Monday, July 11, 2005

''The Enemy of Our Enemy May Still Be the Enemy of Democracy''

"In The Enemy of Our Enemy is Our Friend, Rob McKay suggests giving the potential Supreme Court nomination of Alberto Gonzales a relative pass, because his nomination will split religious conservatives from the Republican party and because if we don't get him, we're likely to get someone worse.

We don't completely control the outcome in this fight, but when someone exhibits as much contempt for democracy as Gonzales does, you have to challenge him. He's not David Souter, a relative unknown. As Mckay acknowledges, he's an architect of many of the most destructive Bush policies like the 2002 torture memo that said "injury such as death, organ failure, or serious impairment of body functions - [are necessary] in order to constitute torture." He helped push through the Patriot Act and wrote the Presidential Order saying that terror suspects could be tried and sentenced to death by secret military tribunals. This isn't someone to embrace, morally or politically.
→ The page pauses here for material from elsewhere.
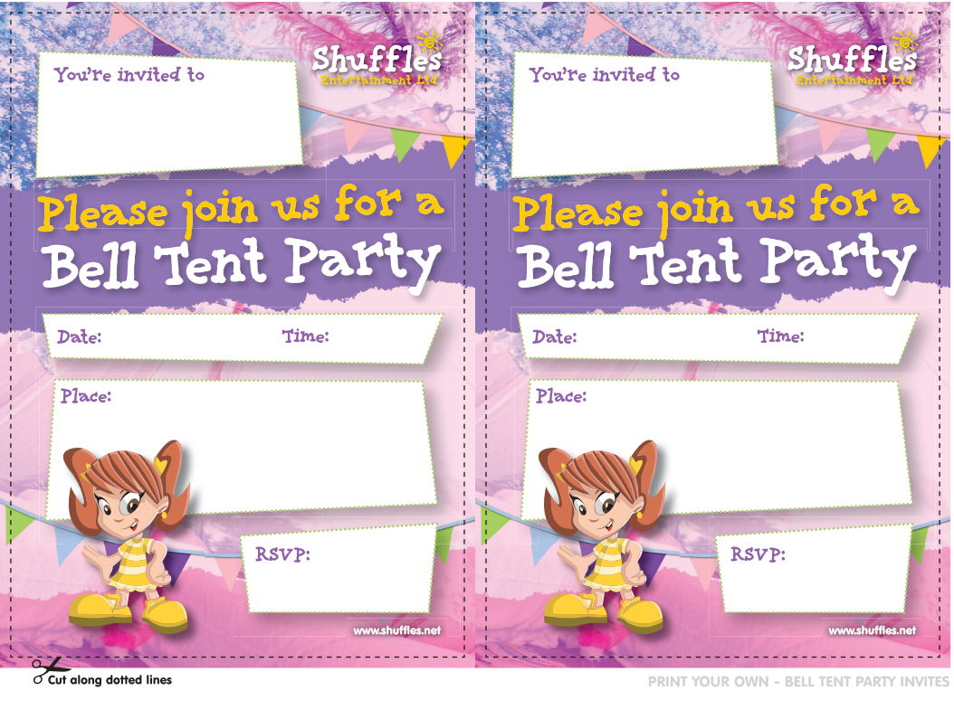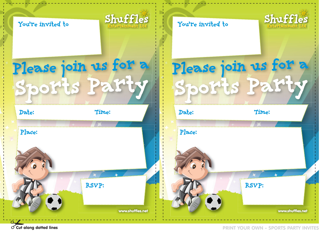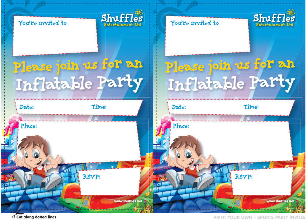 Here you will find fantastic birthday party invitations you can use for free home printing with links to the invitation download below. These are suitable for general birthday parties, sports themed parties, inflatable parties and bell tent parties.

Maybe his nominaton would split the right temporarily, but it can easily be balanced by Bush then appointing a "real conservative" when William Rhenquist's seat comes open. Meanwhile we'll have raised the bar still further till we're unable to challenge anyone short of Attila the Hun and Vlad the Impaler, and then only if they've spoken too impoliticly."-from Paul Loeb's column on The Huffington Post.